Wednesday, January 9, 2013

Expanding the Information Gap





Many language teachers use information gap activities to get students talking in their classrooms.  These are activities in which one partner knows something that the other partner does not.  The job of each partner is to ask for information they don’t know and communicate the information that they do.  Here is a typical information gap activity that I used yesterday in my German class.  I’ll give it to you in English:

What presents did Matthias get his family?
Partner A gets this chart:                                             
recipient
gift
mother
A wallet
father

sister

brother
A Steven King novel
grandma

grandpa
A tie
Partner B gets this chart:       
recipient
gift
mother

father
A watch
sister
A Justin Bieber poster
brother

grandma
slippers
grandpa


So partner B doesn’t know what the mother got and has to ask Partner A.  Partner A needs to fill in the father’s gift and has to ask Partner B.
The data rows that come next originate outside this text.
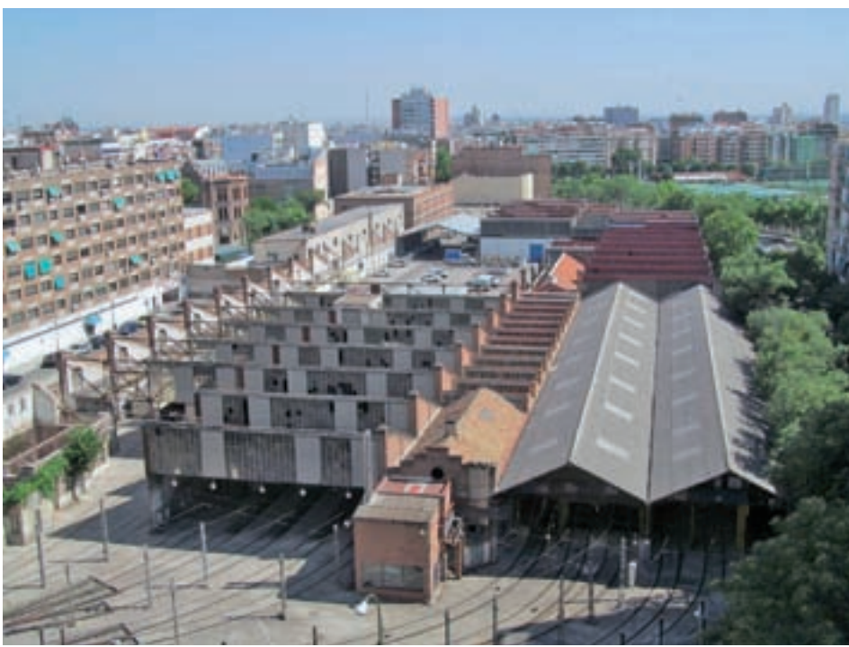
Las antiguas cocheras del suburbano
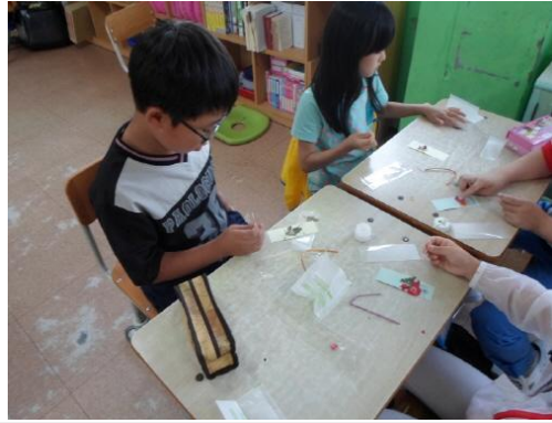
(운영사진_코팅지 붙이는 모습)
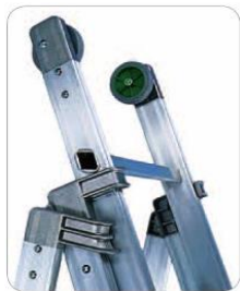
gruppo cerniera in
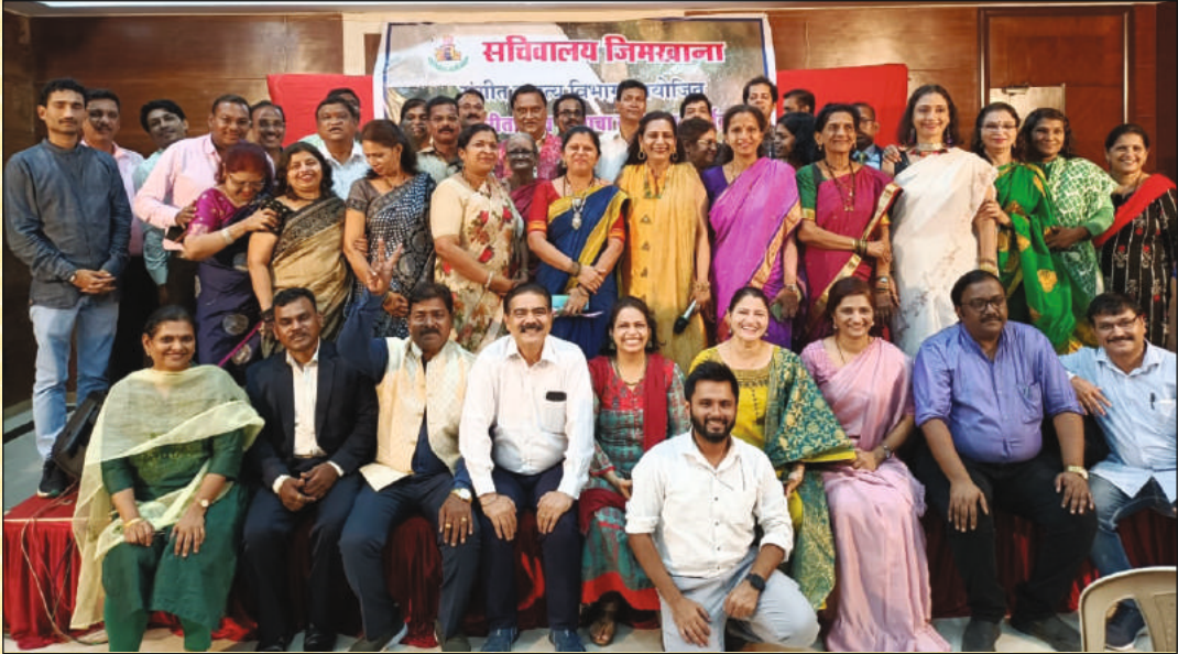
संगीत विभाग पावसाळी गाण्यांचा कार्यक्रम “कुछ कहता है ये सावन....”
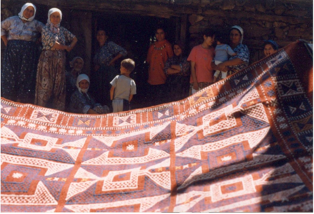
Resim 1. Çanakkale Ayvacık Baharlar Köyünde dokunmuş “Ayı Kulağı Sili (Zili)” örneği ve köy halkı

Türk toplumunda eskiden aile sanatı olan geleneksel el dokumacılığı, kültürel ve görsel kimliklerinin baş yapıtları oldukları için yerel, ulusal ve evrensel değerler ile incelenmeleri gerekmektedir. Kısıtlı malzeme ve teknik olanakları ile sonsuz çeşitlilikte dokumanın oluşturulması, yaratıcılık yönünden değerli bir ölçüttür.
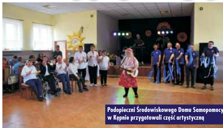
Podopieczni Środowiskowego Domu Samopomocy w Kępnie przygotowali część artystyczną

Wraz z podopiecznymi kępińskiego Środowiskowego Domu Samopomocy w Kępnie świętowali uczestnicy Domów z Ostrzeszowa, Odolanowa, Słupi pod Kępem, Chrościna i Opatowa.
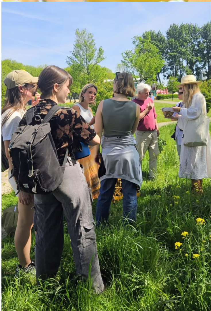
Excursie in het Sloterpark
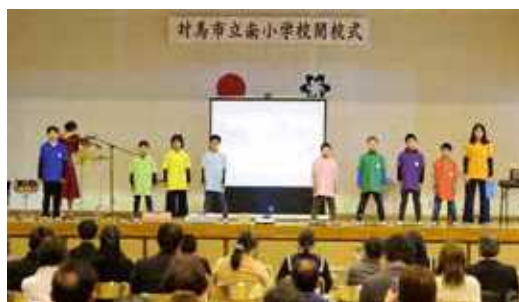
完成した曲を閉校式で披露

完成した「南小が好きなんだ」は、子どもたちの思いがいっぱい詰まった曲になりました。
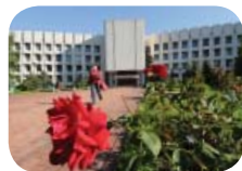
Ивашенко Ивашенко УИ 122439_200

Міжнародний відділ по роботі з іноземними студентами
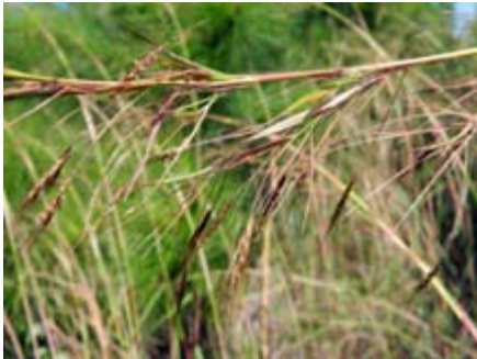
Hyparrhenia rufa hierba Jaragua
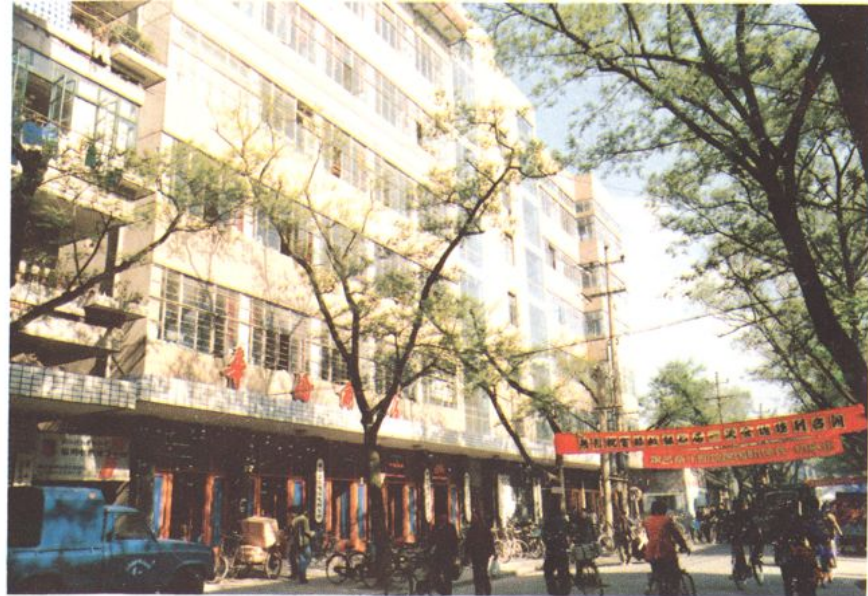
萧山五交化批发部一角
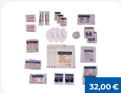
Ergänzungs-Set 2025 für ÖNORM Z 1020 Typ 1

Die Erste Hilfe Füllung umfasst ein 70-teiliges Sortiment für umfassende Erstversorgung.

In thinking about this, though, I think it’s kind of boring.  The kids did it, but they didn’t really care about Matthias and his stupid gift list.  How could I spice it up?
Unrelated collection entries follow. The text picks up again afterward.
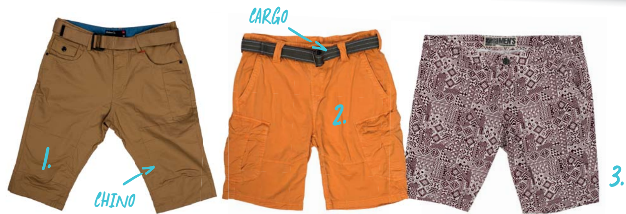
1. Šortky, EXIsport 34.99 € • 2. Šortky, EXIsport 34.99 € • 3. Šortky, Gate 19.98 €

Pri šortkách sa môžete stretnúť s dvomi základnými označeniami strihu. Chino šortky sú klasické jednofarebné kraťasy, ktoré vychádzajú zo strihu elegantných pánskych nohavíc, akurát majú skrátenu dĺžku. Ide o casual kúsok, ktorý si môžete v horúčavách pokojne obliecť do práce. S označením cargo sa zas stretávame pri šortkách, ktoré ľudovo nazývame kapsáče. Samozrejme, ide o strih a štýl vhodný skôr na voľný čas.
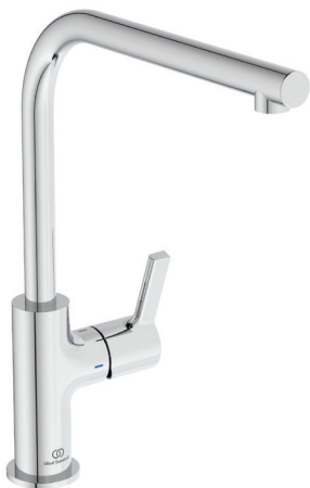
Gusto tube en L chrome - 239 € HT
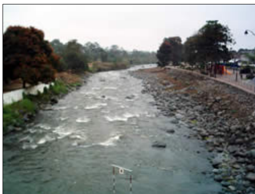
Figura 3. Río Chanchan

Por encontrarse en la falda de la Cordillera esta bañado por un sinnúmero de ríos entre ellos. San Antonio, Limón, Chagüe Grande, Chagüe Chico, Agua Clara, Alvarado, Mallahuan, Blanco, Chanchán y su río más grande: el Chimbo.
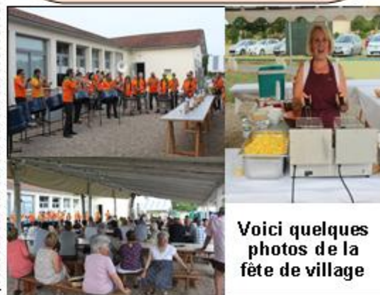
Voici quelques photos de la fête de village
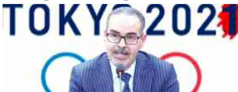
Le ministre de la Jeunesse et des Sports, Abderezak Sebkak.

La délégation algérienne des Paralympiques se rendra à la capitale japonaise le 19 août pour prendre part aux Jeux paralympiques de Tokyo 2020, avec 57 athlètes représentant cinq disciplines sportives, outre le staff technique et médical ainsi que dirigeants composés de près de 30 membre. Dans une allocution, le ministre a déclaré : «Je rends hommage aux efforts et à la discipline de nos sportifs paralympiques, des efforts ayant été sanctionnés
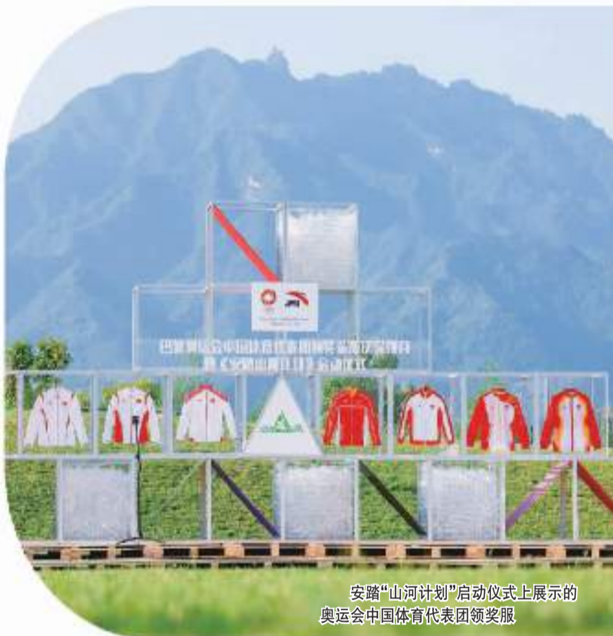
安踏“山河计划”启动仪式上展示的奥运会中国体育代表团领奖服

I started to think of more interesting information gap activities. How could  I expand on this type and up students’ interest?

  •  Make it more personal.  Use names of class members and plug them in to the chart with humorous gifts.Why can’t the grandma get the Justin Bieber poster, for example?  I think there are ways to mix this up and still use vocabulary that I want to reinforce.
  • Have the students generate the chart content.  Students could ask and fill in what students got for Christmas/Hanukah and what they gave family members.  This would take more preparation because students would have to ask for unknown vocabulary.  A good pre-activity could be to brainstorm gift ideas.
  •   Extend the activity in some way.  The chart made me think about that puzzle book favorite, the logic puzzle.  This has the added bonus of asking students to do communication and higher-ordered thinking.  Here’s an example that I made for my other class, which is studying occupations.  I made a simple one which we did together as a class, since most kids weren’t familiar with the form.

Each person got the same introduction and table, but different information :

These five friends went to high school together.  They all have different professions and nobody has two jobs.  Share the information you know and ask your partner what he knows that you do not.  Then discuss and arrive at a solution.
Josef





Gerda





Ludwig





Hannes





Barbara






fireman
Pilot
author
postman
retiree

 A.      Josef has a dangerous job.  His job has nothing to do with airlines or airplanes  Gerda went to college and now isn’t working.  Barbara didn’t go to college, but likes her job, because she gets to work outside. 

 B.      Barbara’s job doesn’t have a lot of stress because it’s not dangerous.After school, Ludwig went into the military.  He doesn’t like to write and doesn’t do it well. Hannes likes to read and is afraid of flying and fire.